ALGIERS // Ailing Algerian president Abdelaziz Bouteflika will stand for reelection in April, prime minister Abdelmalek Sellal said in comments carried by national television on Saturday.
“The prime minister officially announces the candidacy of the president of the (Algerian) republic for the coming elections,” due on April 17, a screen caption read.
Mr Sellal was speaking in Oran, west of Algiers, on the sidelines of an economic seminar.
The television said Mr Bouteflika will collect the necessary documents for his candidacy from the interior ministry on Sunday, but added that he might send someone else to do so.
The television said his decision was a “response to the encouragement of citizens from all over the country.”
The 76-year-old, who has been in power for 15 years, suffered a mini-stroke last year that confined him to a Paris hospital for three months. It has been unclear whether his health would prevent him from running for reelection.
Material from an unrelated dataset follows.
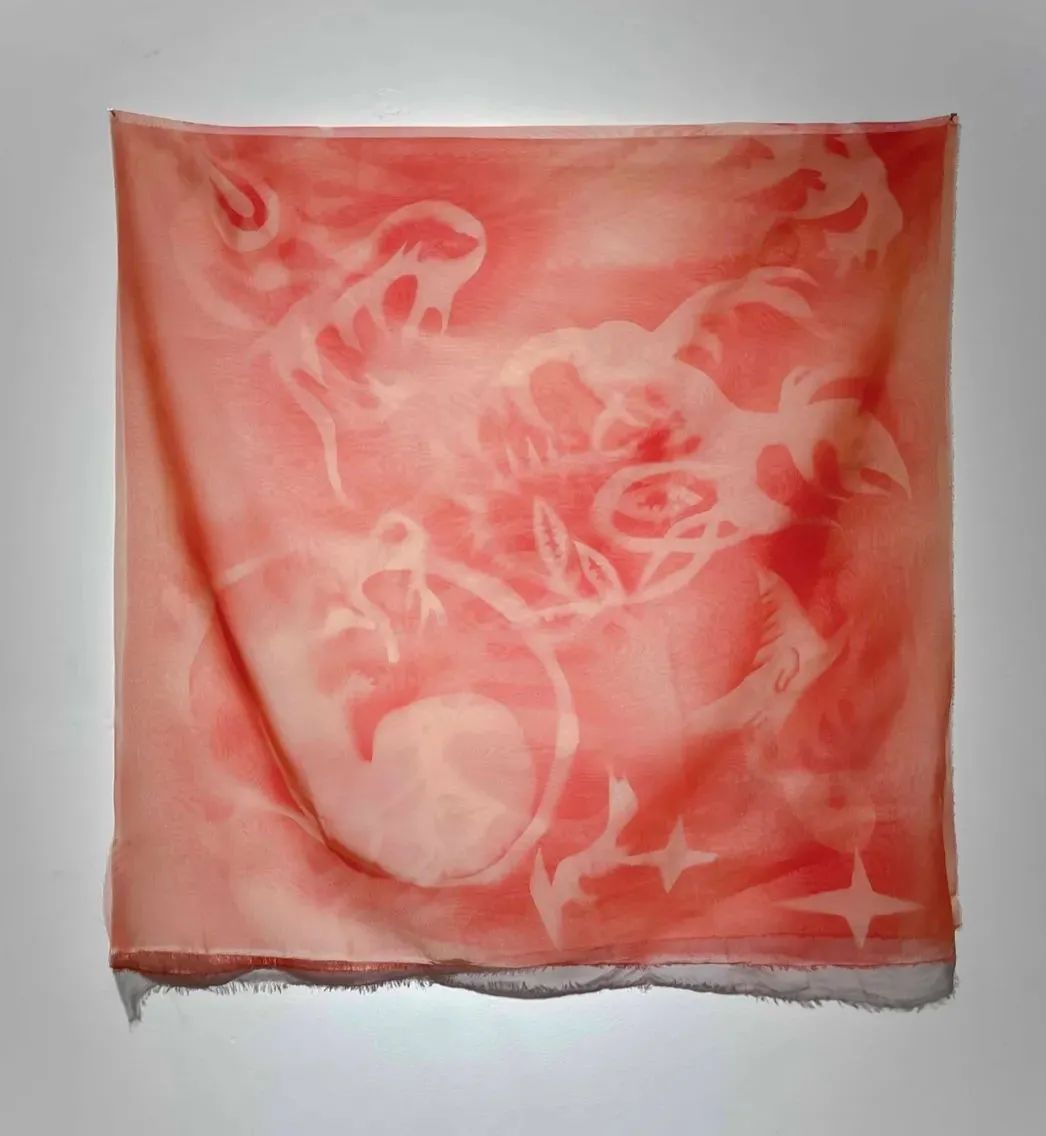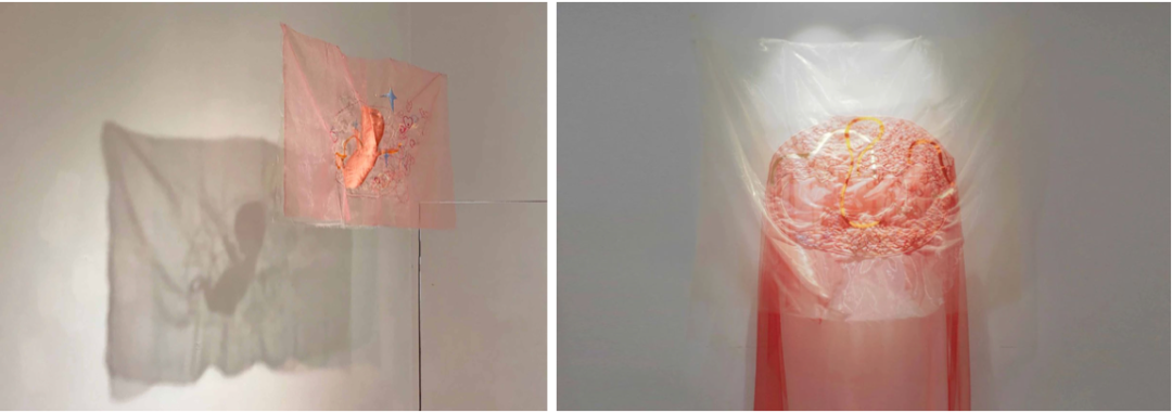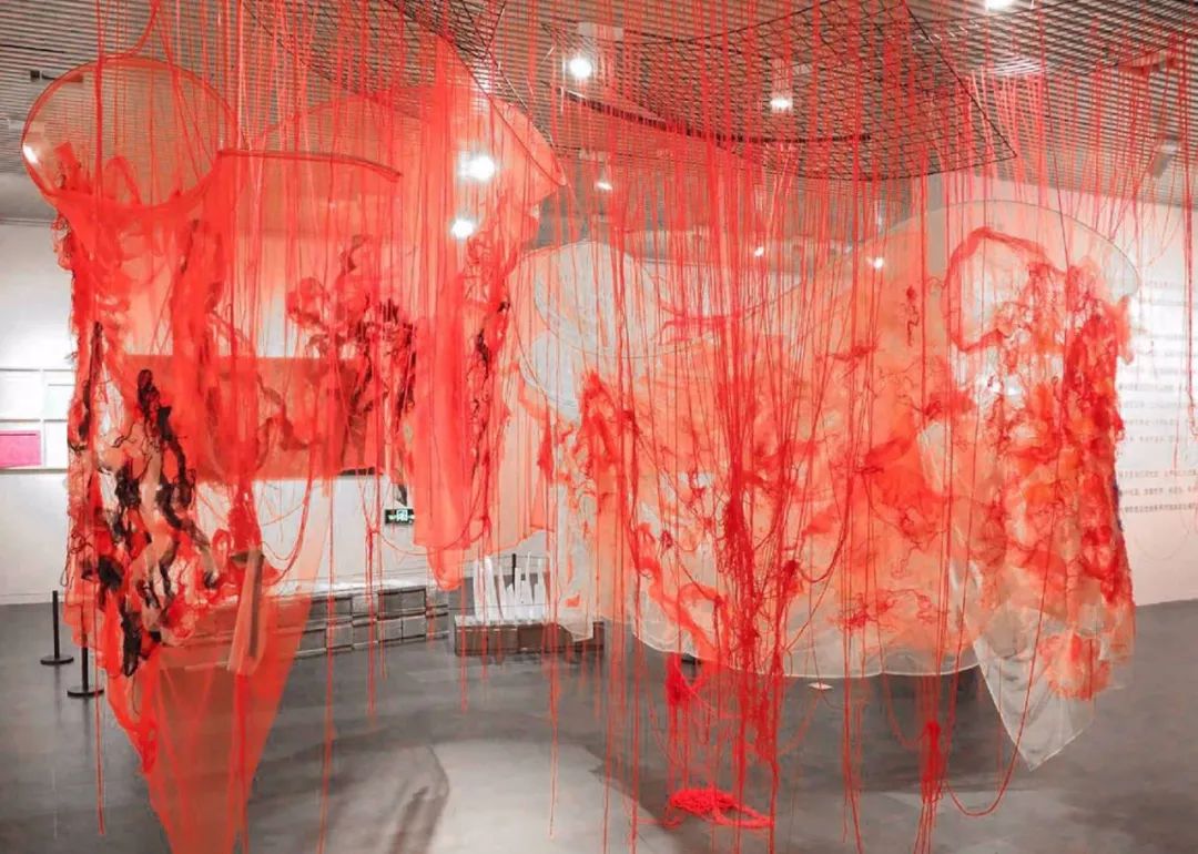 2020年,我参与了一个女性群展,在白色的主展厅前特地设计了一个红色的通道,挂上了我一幅幅的《婴儿》红纱作品,所有的观众进入和离开展厅都需要通过这个过道,仿佛在进出女性的子宫,很自然的过程。

One of the few remaining veterans of the war of independence against France, Mr Bouteflika came to power in 1999. The latest years of his rule have been dogged by ill health and more recently by corruption scandals implicating members of his inner circle.
He also tried to check the power of Algeria’s unelected military and intelligence leaders, who have played a key role in the North African country’s politics since its independence from France in 1962.
Despite his efforts to roll back their prerogatives the army and its secretive DRS intelligence agency retain much of the political power they have wielded.
Recent weeks have seen a mounting war of words over the role of the military in public life, relayed by Algeria’s independent media, in which senior officers were portrayed as opposing a fourth term for the Mr Bouteflika.
Earlier this month, a retired senior general urged Mr Bouteflika to step down “with dignity” and not run for reelection.
Hocine Benhadid also accused the president’s inner circle of “treason” after Amar Saidani, the ruling party’s secretary general, publicly accused the powerful military intelligence chief of interfering in politics to the detriment of the country’s security.
But the president himself hit out on Tuesday at what he said were moves to undermine his office and the army, suggesting both were falling prey to political infighting.
“The fictitious conflict ... within the ranks of the People’s National Army is linked to a destabilisation plan developed by those troubled by Algeria’s regional weight and influence,” he said in comments published by state media.
Mr Bouteflika did not elaborate on the destabilising activities to which he referred.